High-Level Intuition

This feature measures how much the current utterance “mimics” the previous utterance in a conversation, with respect to the content words (that is, non-function words) in the message. Content words are those that possess semantic content, so this measure roughly estimates the extent to which individuals are echoing each other in a “substantive” way, as opposed to mimicking the speaking style.

Citation

Ranganath et al. (2013)

Implementation Basics

To compute the feature, we count the number of shared content words (defined as anything that is not on the function word list) between the current and previous utterance in a conversation, normalized by the frequency at which the word appears. This follows the original authors’ method:

Content words are defined as any word that is not a function word. For each content word w in a given speaker’s turn, if w also occurs in the immediately preceding turn of the other, we count w as an accommodated content word. The raw count of accommodated content words is be the total number of these accommodated content words over every turn in the conversation side. Because content words vary widely in frequency, we normalized our counts by the frequency of each word.
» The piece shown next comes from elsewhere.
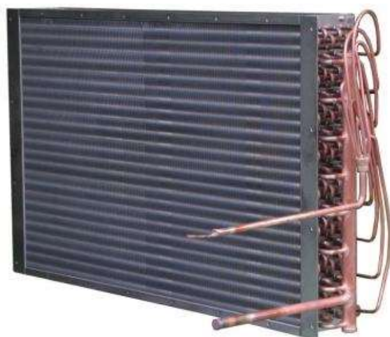
カチオン電着塗装前

For completeness, we interprete “the frequency of each word” in two distinct ways:

The frequency of each word across the entire dataset (`content_word_accommodation`): here, we normalize non-function words with respect to the language used across all conversations in the dataset. This version of accommodation is useful if the entire dataset consists of similar conversations, or conversations about the same topic. Normalizing with respect to a larger dataset will be useful in establishing better estimates in identifying (and appropriately weigting) whichs words carry meaningful content in a particular domain.
The frequency of each word within a given conversation (`content_word_accommodation_per_conv`): here, we normalize non-function words with respect only to the language in a given conversation. This version of accommodation is useful if the dataset consists of very distinct conversations, for which it may not make sense to assume that the distribution of which words are “important” will hold across different domains.

The feature requires a reference list of function words, which are defined by the original authors as follows.
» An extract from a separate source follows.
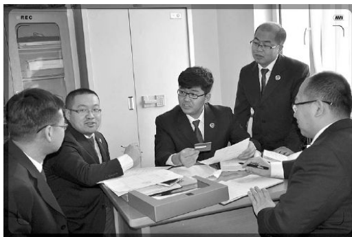
办案检察官讨论案情

2016年2月14日，春节后上班的第一天，新疆维吾尔自治区伊犁哈萨克自治州塔城地区最大的媒体《塔城日报》刊发了一则重要新闻。该报道称，2月6日，塔城地区中级法院宣判：被告人周辉犯贪污罪，判处有期徒刑十三年，并处罚金人民币150万元，犯挪用公款罪，判处有期徒刑十二年，决定执行有期徒刑十九年，并处罚金人民币150万元；扣押单位已扣押的人民币743万元及利息1.2万元上缴国库，继续追缴未退赔赃款200万元；大众牌轿车一辆依法没收；收缴的赃款140万元，依法返还裕民县吉也克镇政府。

Auxiliary and copular verbs: able, am, are, aren’t, be, been, being, can, can’t, cannot, could, couldn’t, did, didn’t, do, don’t, get, got, gotta, had, hadn’t, hasn’t, have, haven’t, is, isn’t, may, should, should’ve, shouldn’t, was, were, will, won’t, would, would’ve, wouldn’t
Conjunctions: although, and, as, because, ’cause, but, if, or, so, then, unless, whereas, while
Determiners, Predeterminers, and Quantifiers: a, an, each, every, all, lot, lots, the, this, those
Pronouns and Wh-words: anybody, anything, anywhere, everybody’s, everyone, everything, everything’s, everywhere, he, he’d, he’s, her, him, himself, herself, his, I, I’d, I’ll, I’m, I’ve, it, it’d, it’ll, it’s, its, itself, me, my, mine, myself, nobody, nothing, nowhere, one, one’s, ones, our, ours, she, she’ll, she’s, she’d, somebody, someone, someplace, that, that’d, that’ll, that’s, them, themselves, these, they, they’d, they’ll, they’re, they’ve, us, we, we’d, we’ll, we’re, we’ve, what, what’d, what’s, whatever, when, where, where’d, where’s, wherever, which, who, who’s, whom, whose, why, you, you’d, you’ll, you’re, you’ve, your, yours, yourself
Prepositions: about, after, against, at, before, by, down, for, from, in, into, near, of, off, on, out, over, than, to, until, up, with, without
Discourse Particles: ah, hi, huh, like, mm-hmm, oh, okay, right, uh, uh-huh, um, well, yeah, yup
Adverbs and Negatives: just, no, not, really, too, very

Implementation Notes/Caveats

Note that the first utterance in a conversation cannot have a mimicry score, as there is no “previous utterance” to associate it with. In this case, we assign a value of 0 to this utterance.

Interpreting the Feature

This feature generates a (normalized) shared word count for each utterance in a conversation, with lower scores (close to 0) representing utterances that discuss more “different” content compared to the previous utterance; in other words, there is a lack of content word mimicry. Higher scores represent utterances that discuss the “same” content compared to the previous utterance.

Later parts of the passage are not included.